Feinster Pulver am anderen Ende der Welt
Japan soll nicht nur den besten Schnee der Welt haben, sondern auch noch den meisten – den sogenannten Japow. Die Qualität soll Folge einer besonderen winterlichen Gegebenheit sein: sibirische Kaltluft trifft von Norden kommend genau über einem Teil der japanischen Alpen auf nasse tropische Warmluft aus dem Süden. Das soll besonders leichten Schnee ergeben, der zusätzlich in Mengen von bis zu 18 Metern (siehe Japan Snow-Route) fällt. Diese beiden Tatsachen wollten wir in einem praktischen Test überprüfen. Hierzu sind wir nach Hakuba gefahren, einem Ort der olympischen Winterspiele 1998. Nach unseren ersten Tagen in Japan kamen wir im Januar 2019 zu unserem Erstaunen bei vergleichsweise übersichtlichen Schneemengen in Hakuba an. Das war umso enttäuschender, da Süddeutschland und Österreich gerade einen Jahrhundertwinter mit gigantischen Schneemengen erlebten.
Da wir hauptsächlich mit Skifahren beschäftigt waren, gibt es gar nicht so viele Bilder. Dafür aber einen Film (der auch viel Tokio enthält)!
Die Unterkünfte
Wir hatten (notgedrungen) zwei Hostels in Hakuba gebucht, da wir keine Unterkunft fanden, die für die gesamten zwölf Nächte freie Zimmer hatte.
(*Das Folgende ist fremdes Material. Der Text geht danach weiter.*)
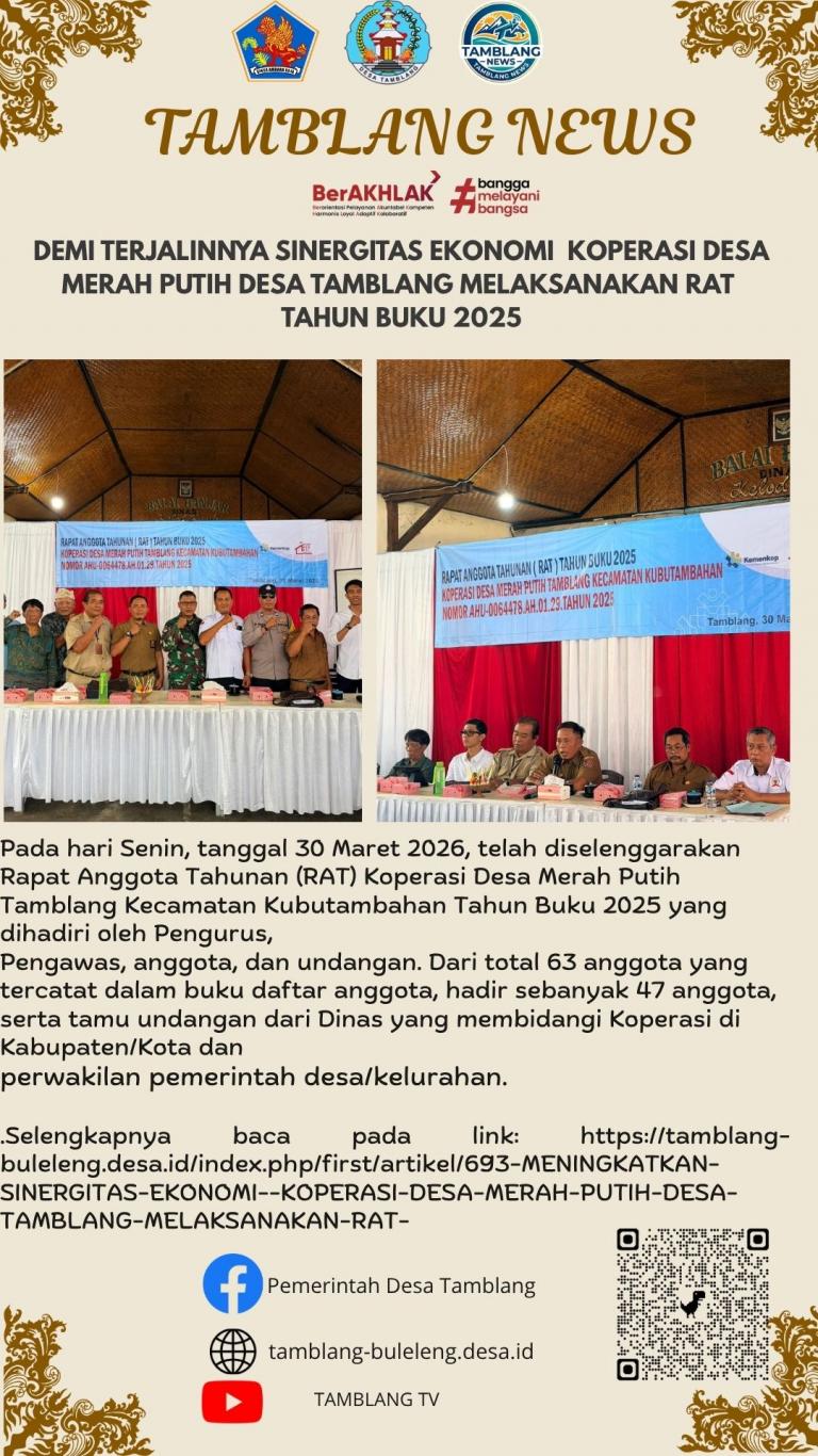 - MENINGKATKAN SINERGITAS EKONOMI KOPERASI DESA MERAH PUTIH DESA TAMBLANG MELAKSANAKAN RAT

Zuerst waren wir drei Tage im Snowbeds B&B Hostel, dann vier Nächte im Nomad Hostel und anschließend wieder fünf Nächte im Snowbeds B&B Hostel.
Das Snowbeds B&B Hostel ist ein altes japanisches Haus, mit relativ neuem Anbau. Über drei Etagen gibt es mehrere Schlafsäle und Doppelzimmer sowie einen großen Aufenthaltsraum, eine Küche und ein Esszimmer. Natürlich gibt es außerdem zwei Badezimmer und ein Trockenraum. Die Küche ist gut ausgestattet, im Aufenthaltsraum kann man vor dem Kamin sitzen. Der Trockenraum ist allerdings eine echte Bärenhöhle: der fehlende Abzug führt hier zu einem „interessanten“ Duft. Das Hostel ist etwa 500m vom „Base Camp“ und 30m von der nächsten kleinen Bushaltestelle entfernt.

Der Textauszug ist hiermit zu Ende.